November 30, 2020 - 12:07pm

Happy St Andrew’s Day, the patron saint of Scotland, and whose cross forms one part of the Union Jack. How long that flag exists is a question to which none of us have an answer.

As depressing and awful as the Brexit referendum was, it’s easily forgotten how depressing and awful the preceding Scottish independence referendum was.

To those of us down here, the most demoralising aspect was the unionist campaign itself, which focused entirely on economic and technocratic arguments for keeping the Union. The entire argument seemed to be that Scotland gained financially from staying, and with that uninspiring message they managed to squeeze through with 55% of the vote. Project Fear, or realism depending on your view, might have worked with a once-hugely successful 300-year-old union, but two years later it failed against a still-evolving 40-year-old one.

The unionist argument was the long-term death knell of the union, not just because it turned Scotland into a SNP one-party state (just as a Remain win in 2016 would have hugely benefited UKIP, whereas victory killed it); but because the arguments in favour were so bloodless and, ultimately, self-defeating.

From an English point of view, if Scotland is only in the union for the money, then they should go. Ireland does pretty well despite its size and location, and Adam Smith’s homeland would likewise be fine, eventually.
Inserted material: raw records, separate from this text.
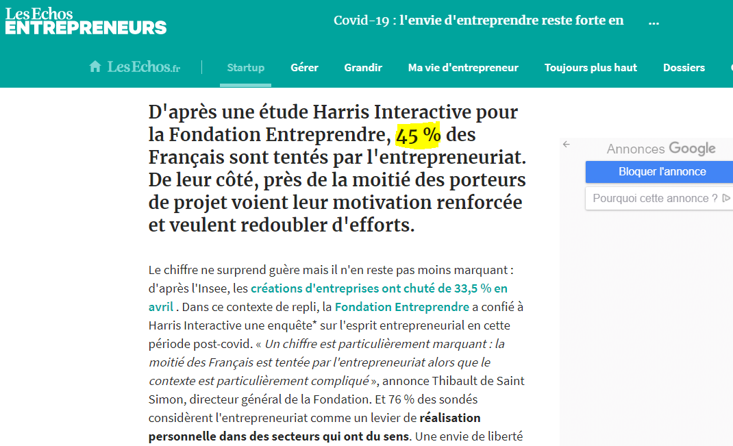 Une étude de Harris Interactive montre que malgré la Covid-19, les Français ont toujours autant envie d’entreprendre.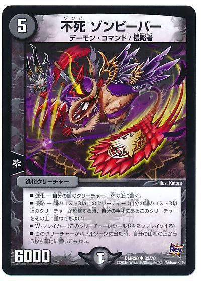 1番目の効果を無視して、《 邪眼の始祖 ロマノフ・アルファ 》の進化元にすることで、《 不死 ゾンビーバー 》に侵略して4マナ以下のクリーチャーを釣ることができます。
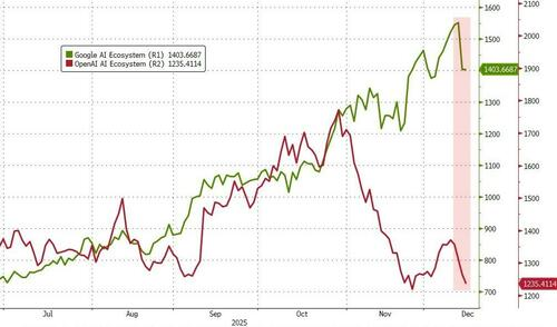 随着博通股价三日大跌超17%,AI产业链两条核心主线——“谷歌链”与“OpenAI链”同步遭受重创。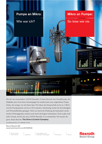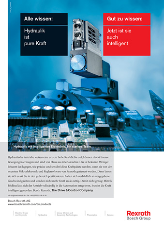 Rexroth liefert hochwertige technische Komponenten wie Hydraulikpumpen, Steuerelektronik oder Kühlgeräte, die man nicht mehr zu sehen bekommt, wenn sie erst einmal eingebaut sind: in Zügen, Baggern, Hebebühnen, Riesenrädern, Windkraftanlagen und anderen Geräten oder technischen Anlagen. Meist waren die Produkte für ein Shooting nicht verfügbar. Man konnte uns lediglich nüchterne Produktabbildungen zur Verfügung stellen. Um die Produktvorteile zu visualisieren und ihnen einen emotionalen Anstrich zu geben, arbeiteten wir mit Composings. Diese international eingesetzte Anzeigenkampagne wurde in zahlreichen Ländern geschaltet und deshalb in die unterschiedlichsten Sprachen adaptiert - darunter in Russisch und in Chinesisch.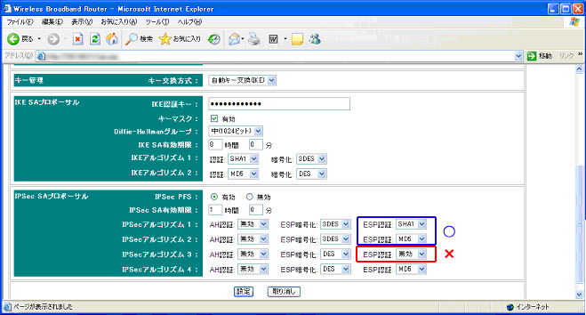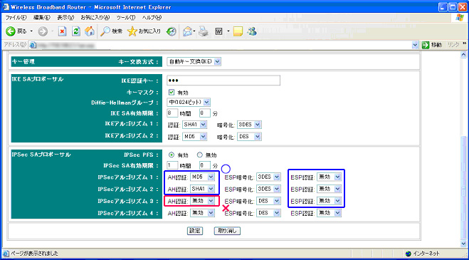 VPNページのIPSec SAプロポーサルの設定において、使用するIPSecアルゴリズムのAH認証をSHA1あるいはMD5にしてください。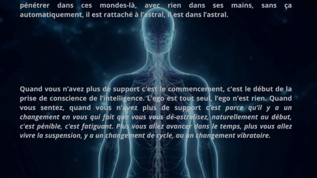 Dans ce passage, la nécessité de préparer les corps à la transmutation est évoquée. Cette préparation consiste à libérer l’intelligence de l’emprise de l’astralité, afin qu’elle puisse s’exprimer sans interférence émotionnelle ou mentale. La légèreté intérieure devient une condition de cette transformation.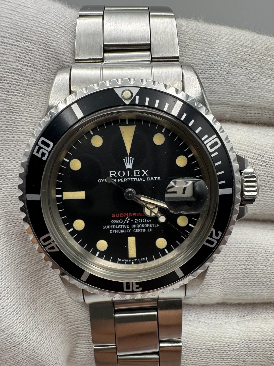 This exceptional Rolex Submariner Ref. 1680 “Red Submariner” is presented in outstanding all-original condition, representing one of the most sought-after references in vintage Rolex collecting. The stainless steel case retains very thick, sharp lugs and appears to remain unpolished, with well-defined factory bevels preserved throughout. The iconic red “Submariner” dial is in pristine condition, displaying an even, warm yellow patina across all tritium hour markers, perfectly matched by the original tritium hands. The original bezel insert is equally impressive, showing excellent preservation with a matching pearl pip that completes the classic look. Fitted with its original folded-link Oyster bracelet with 11 links, the bracelet shows only normal, honest stretch, a notable detail for a watch of this age. The movement has been tested and is running properly, ensuring dependable performance. All case engravings are crisp and fully intact, with a 2.5 million serial number dating the watch to approximately 1969. Accompanied by its original box and papers, and recently acquired directly from the original family, this Red Submariner stands as a rare and highly collectible example, distinguished by its originality, condition, and provenance. **Reference:** 1680 **Size:** 40mm **Year:** 1968 📜 Includes: Original box & papers 💵 Price: $27,000 + FREE overnight shipping with FedEx fully insured. [Timestamp](https://imgur.com/a/CP5eRPH) 🔗 Other Listings: [profile](https://www.reddit.com/u/BoghossianJewelry/s/vm81HAdB7o) | [watchrecon](https://www.watchrecon.com/?query=BoghossianJewelry&last_days=0) 🔥 Follow us on [Instagram](https://www.instagram.com/bogossiajewelers) 📍 Location: New York 🔒 Authenticity: 100% guaranteed, buy with confidence. We have 160+ reviews on Chrono24 with 180+ transactions, and Excellent rating score on Trustpilot. Visit our [profile](https://www.reddit.com/u/BoghossianJewelry/s/vm81HAdB7o) for links and references. 📦 Domestic Shipping: Ships with FedEx overnight, within 24 business hours of payment, from New York, NY to CONUS. The shipment is fully insured against damage, loss or theft. 🌍 International Shipping: Incurs an additional $100. 💳 Payment: Crypto (+2%), PayPal/CC (+4%), Web, or Face-to-face deal in NY. 🔐 [Seller References](https://bogossia.com/authenticity) 📸 [IG: @bogossiajewelers](https://www.instagram.com/bogossiajewelers)

But that’s the problem when you have people in charge who don’t understand patriotism, and what it means to belongs. That is not the case with historian Neil Oliver, whose paean to Britain makes the emotional case as a British Scot, that this is our home. He writes:

“If not economics or history, then what? How to make the claim that we, the inhabitants of these islands, are one family? In the end I can only speak for myself and from my own heart. That much is all I truly know….”
- Neil Oliver, These Islands

That is ultimately what the question is about: are we, the inhabitants of this island, a people and a family, with a shared bond of history and culture?

There are obvious reasons for the declining salience of Britishness. The things that united the union — empire, Protestantism and our shared language — are no longer there or unique to us. In England, Britishness has become more inclusive, and therefore weaker, increasingly associated with values in order to de-associate it with ancestry — and these “British values” are a set of political beliefs a large section of the population does not sign up to.

On top of this, the British state often appears weak and ailing compared to the dynamism of the Scottish executive and, this year for the first time, the Welsh. Historical trends suggest that the union’s demise is inevitable, and the next time a referendum comes along, one would not confidently bet on the unionists winning again.

When that does happen again, the battle will not be about financial prudence — certainly not the case a Brexit-supporting Tory party can make — but about ideas, ideals and belonging.